Material provided START

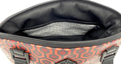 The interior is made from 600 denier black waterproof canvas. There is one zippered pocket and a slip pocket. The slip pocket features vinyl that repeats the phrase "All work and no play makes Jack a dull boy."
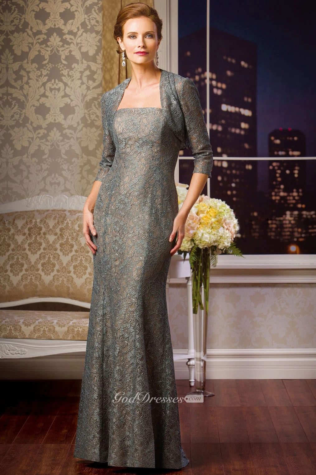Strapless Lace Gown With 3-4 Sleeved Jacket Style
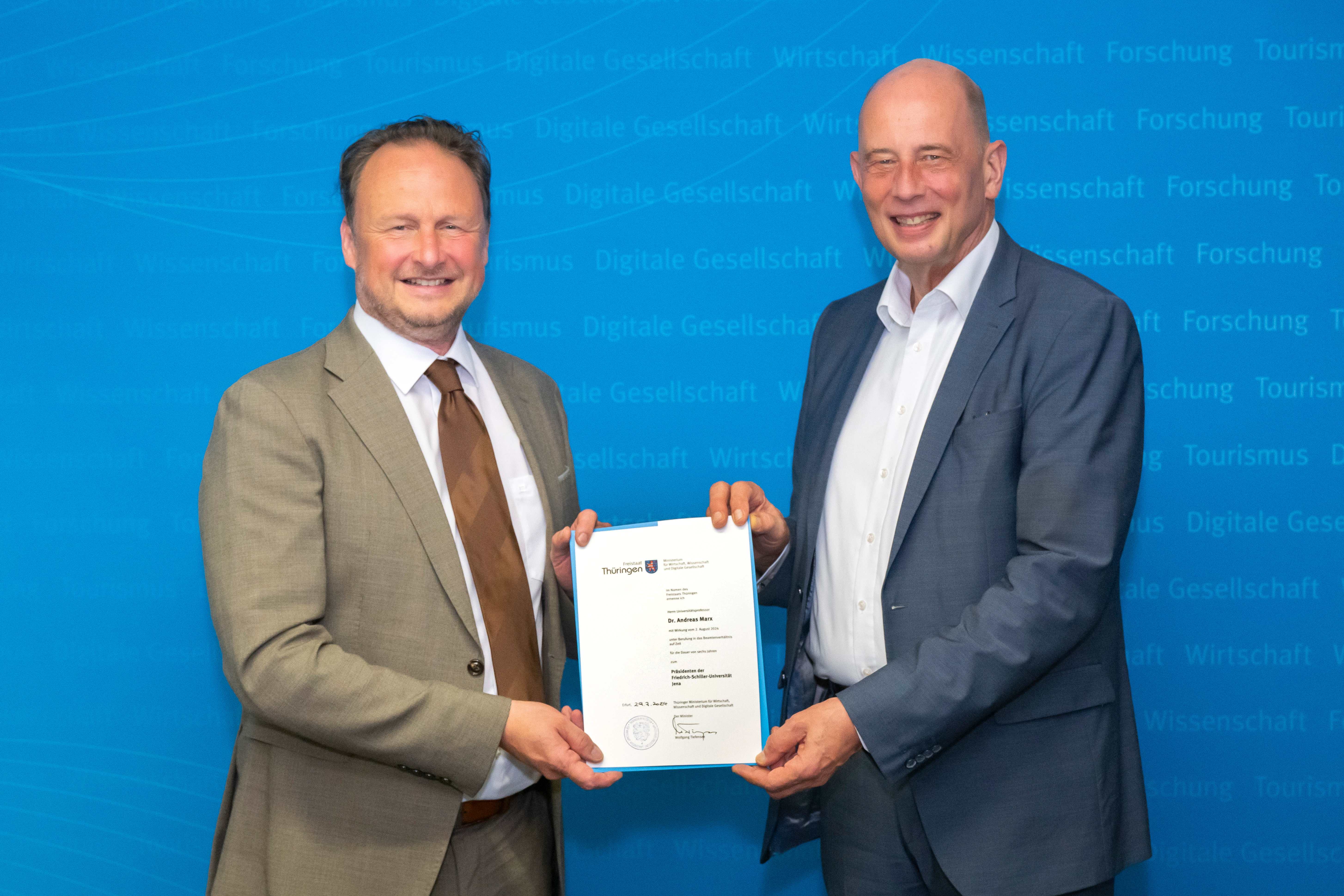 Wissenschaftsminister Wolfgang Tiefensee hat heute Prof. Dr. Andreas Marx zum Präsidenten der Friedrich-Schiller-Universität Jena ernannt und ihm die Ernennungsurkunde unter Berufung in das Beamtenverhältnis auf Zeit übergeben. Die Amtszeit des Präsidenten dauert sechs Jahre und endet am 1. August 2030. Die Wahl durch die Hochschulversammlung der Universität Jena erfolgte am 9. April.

Material provided END
Material provided START

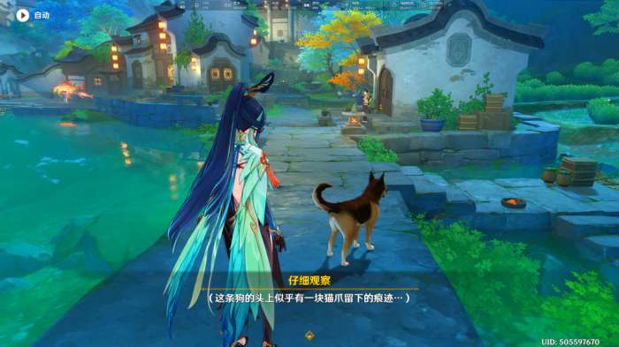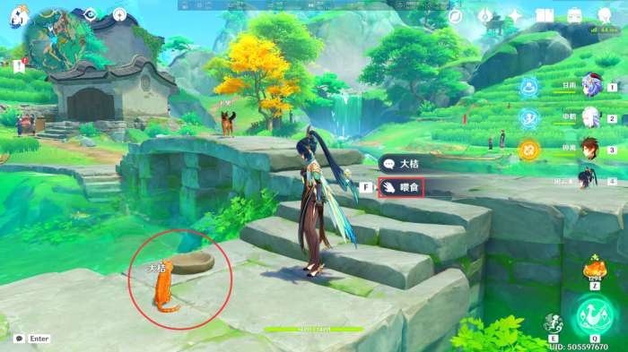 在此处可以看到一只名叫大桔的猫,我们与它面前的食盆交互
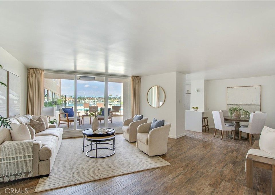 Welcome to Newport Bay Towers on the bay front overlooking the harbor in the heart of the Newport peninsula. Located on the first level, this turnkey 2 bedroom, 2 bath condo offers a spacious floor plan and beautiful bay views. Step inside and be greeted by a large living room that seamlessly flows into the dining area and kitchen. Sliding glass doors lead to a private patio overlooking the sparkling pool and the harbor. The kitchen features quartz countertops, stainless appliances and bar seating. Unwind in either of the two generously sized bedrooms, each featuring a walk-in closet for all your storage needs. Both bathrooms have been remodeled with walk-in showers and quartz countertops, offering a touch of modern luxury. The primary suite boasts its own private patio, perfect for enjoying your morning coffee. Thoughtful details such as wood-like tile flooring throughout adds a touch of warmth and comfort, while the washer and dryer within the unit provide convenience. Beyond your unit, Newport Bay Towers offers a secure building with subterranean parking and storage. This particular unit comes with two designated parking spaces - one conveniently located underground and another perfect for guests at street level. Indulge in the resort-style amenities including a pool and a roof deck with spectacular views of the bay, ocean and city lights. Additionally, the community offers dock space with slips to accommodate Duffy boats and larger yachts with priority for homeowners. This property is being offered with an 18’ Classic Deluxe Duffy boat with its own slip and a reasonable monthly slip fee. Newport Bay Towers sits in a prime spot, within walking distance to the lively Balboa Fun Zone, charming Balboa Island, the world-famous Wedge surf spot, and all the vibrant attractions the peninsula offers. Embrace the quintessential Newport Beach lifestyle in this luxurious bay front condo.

Material provided END
Material provided START

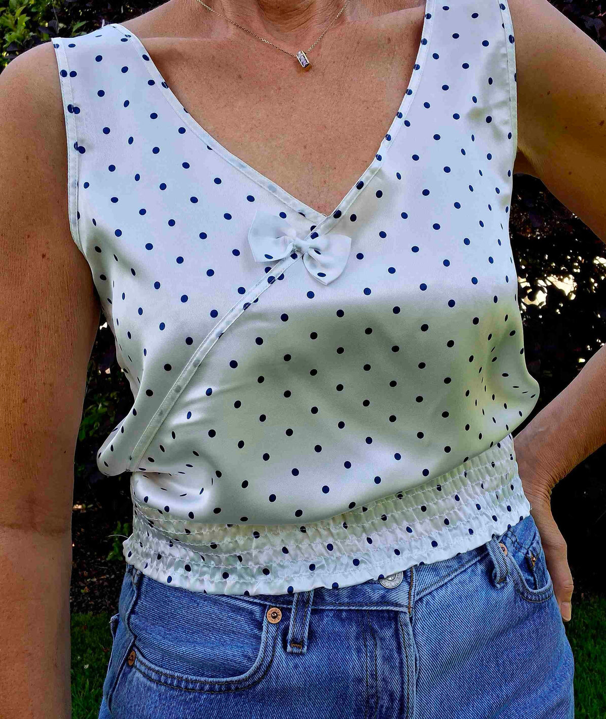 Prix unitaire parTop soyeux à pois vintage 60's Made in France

Material provided END

Beginning at the line above that contains "The interior is" and going on through the line that contains "Wissenschaftsminister Wolfgang Tiefensee", please copy every line exactly, leaving the pictures out and adding nothing.

Reply to the exercise
 The interior is made from 600 denier black waterproof canvas. There is one zippered pocket and a slip pocket. The slip pocket features vinyl that repeats the phrase "All work and no play makes Jack a dull boy."
Strapless Lace Gown With 3-4 Sleeved Jacket Style
 Wissenschaftsminister Wolfgang Tiefensee hat heute Prof. Dr. Andreas Marx zum Präsidenten der Friedrich-Schiller-Universität Jena ernannt und ihm die Ernennungsurkunde unter Berufung in das Beamtenverhältnis auf Zeit übergeben. Die Amtszeit des Präsidenten dauert sechs Jahre und endet am 1. August 2030. Die Wahl durch die Hochschulversammlung der Universität Jena erfolgte am 9. April.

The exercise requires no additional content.